• AIM OF THE TASK:
Your output should consist of the lines from the first line of the records below through the one with "通过多云纳管,,,以统一的资", exactly, minus the pictures.

Data records:
□ □ □ □ □ □ □
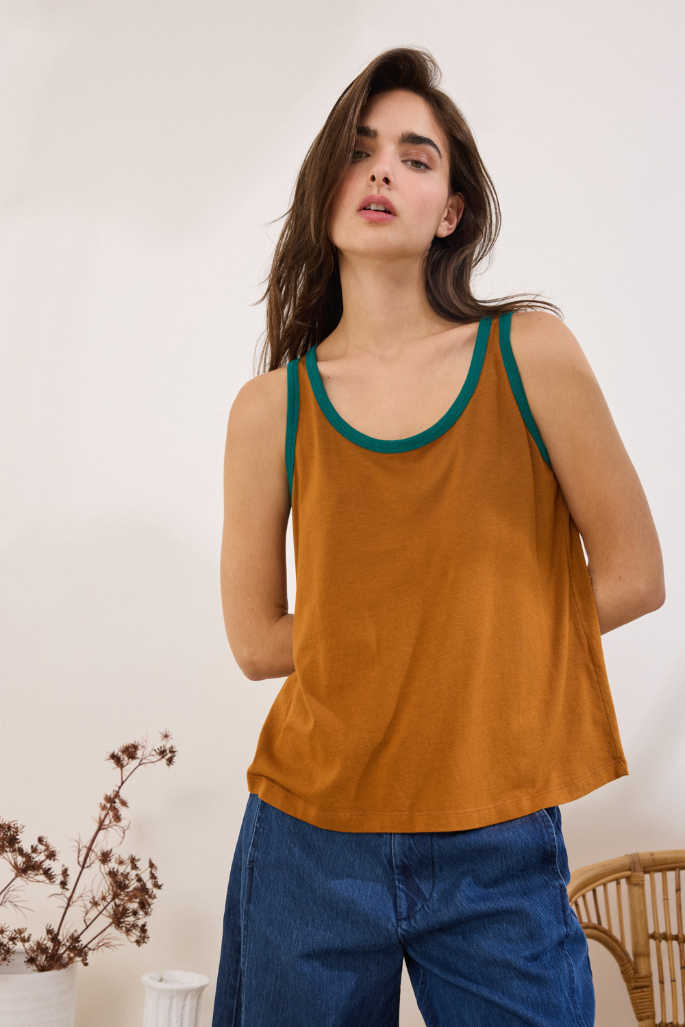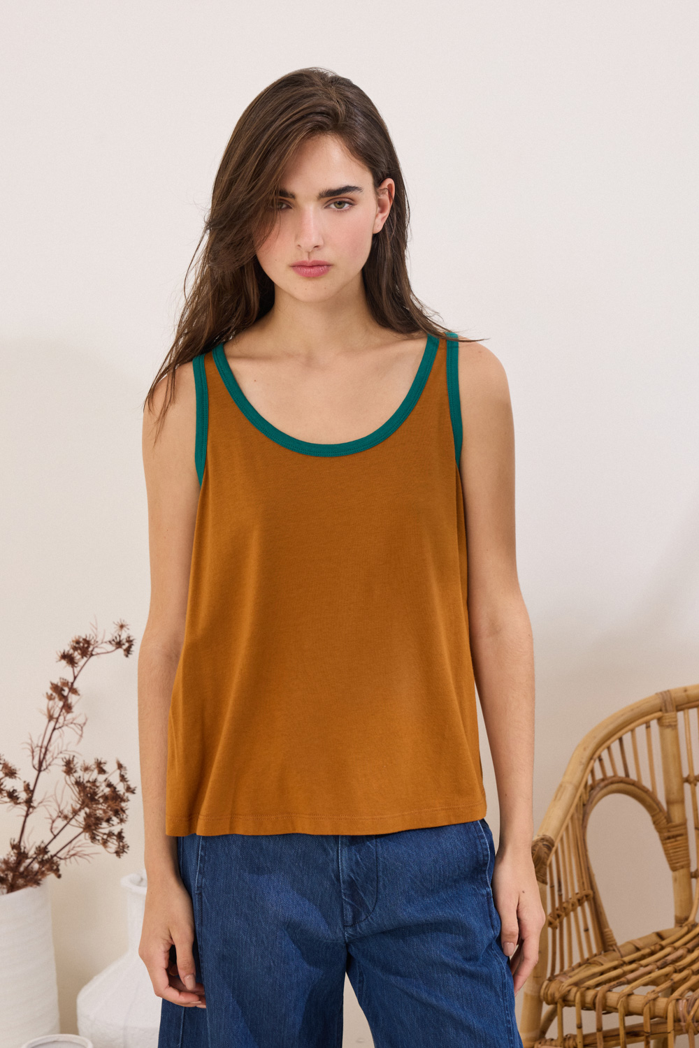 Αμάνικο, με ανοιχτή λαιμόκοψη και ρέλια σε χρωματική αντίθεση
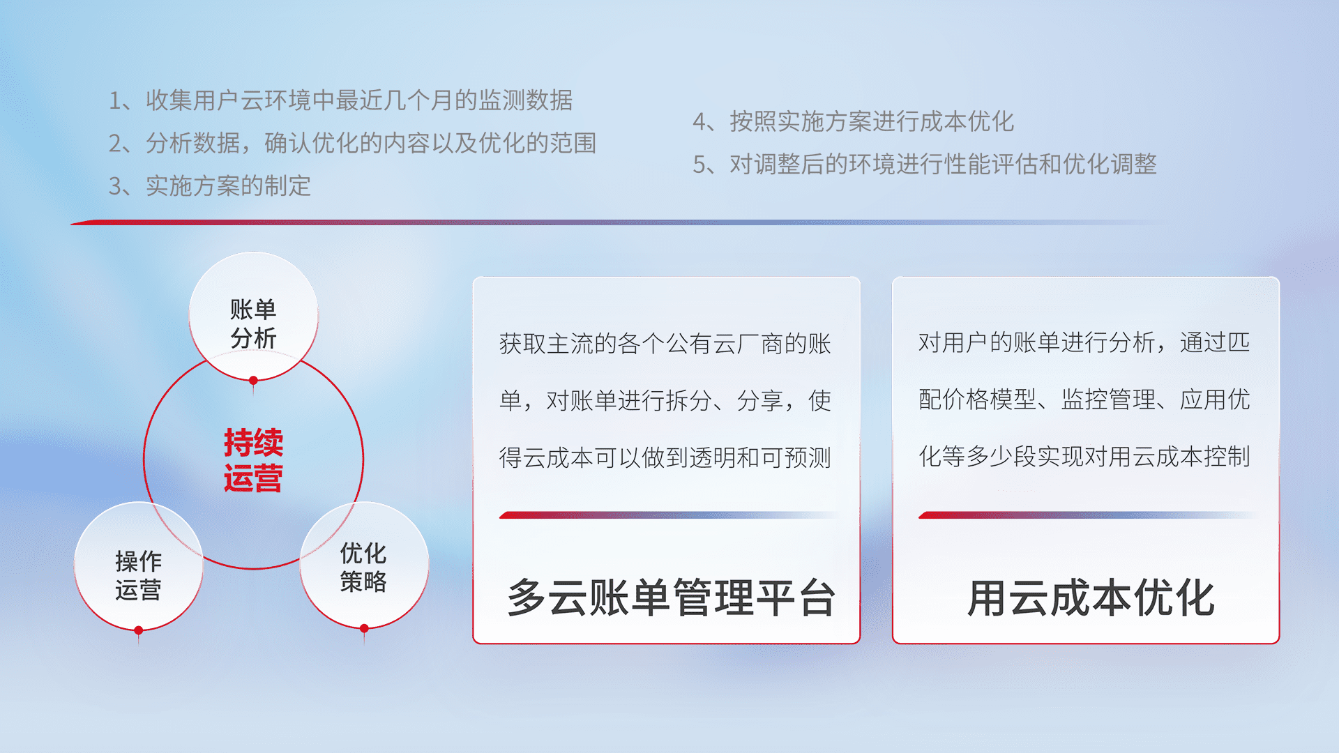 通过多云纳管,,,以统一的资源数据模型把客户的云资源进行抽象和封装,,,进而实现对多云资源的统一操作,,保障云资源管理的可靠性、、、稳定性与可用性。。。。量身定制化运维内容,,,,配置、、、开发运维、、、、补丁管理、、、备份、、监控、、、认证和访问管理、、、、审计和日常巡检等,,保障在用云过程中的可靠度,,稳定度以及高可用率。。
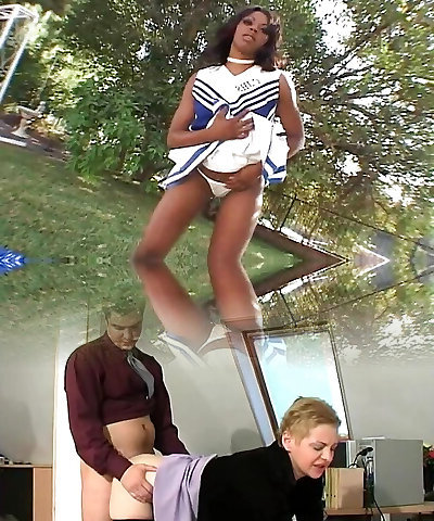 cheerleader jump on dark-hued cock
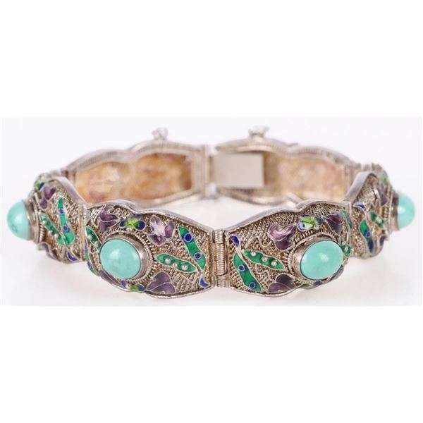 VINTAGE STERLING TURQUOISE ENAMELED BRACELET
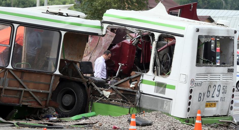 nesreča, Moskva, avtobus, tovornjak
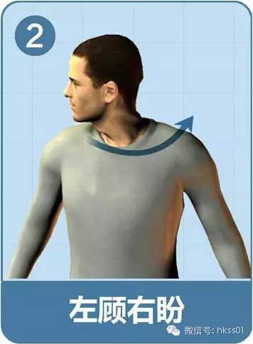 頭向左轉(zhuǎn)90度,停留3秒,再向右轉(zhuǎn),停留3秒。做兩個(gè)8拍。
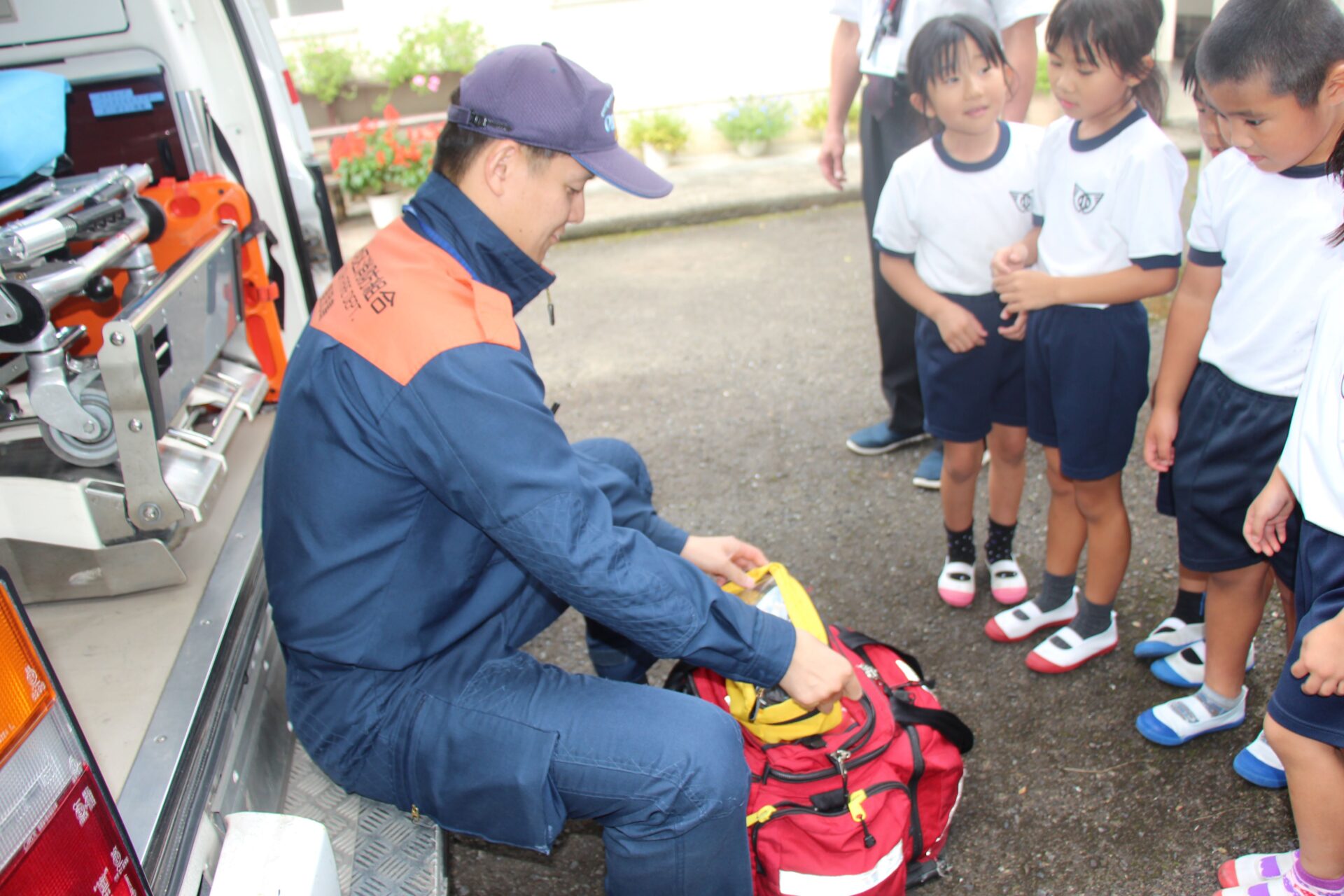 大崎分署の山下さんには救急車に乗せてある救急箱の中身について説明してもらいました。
□ □ □ □ □ □ □
• SOLVED PROBLEM:
 Αμάνικο, με ανοιχτή λαιμόκοψη και ρέλια σε χρωματική αντίθεση
 通过多云纳管,,,以统一的资源数据模型把客户的云资源进行抽象和封装,,,进而实现对多云资源的统一操作,,保障云资源管理的可靠性、、、稳定性与可用性。。。。量身定制化运维内容,,,,配置、、、开发运维、、、、补丁管理、、、备份、、监控、、、认证和访问管理、、、、审计和日常巡检等,,保障在用云过程中的可靠度,,稳定度以及高可用率。。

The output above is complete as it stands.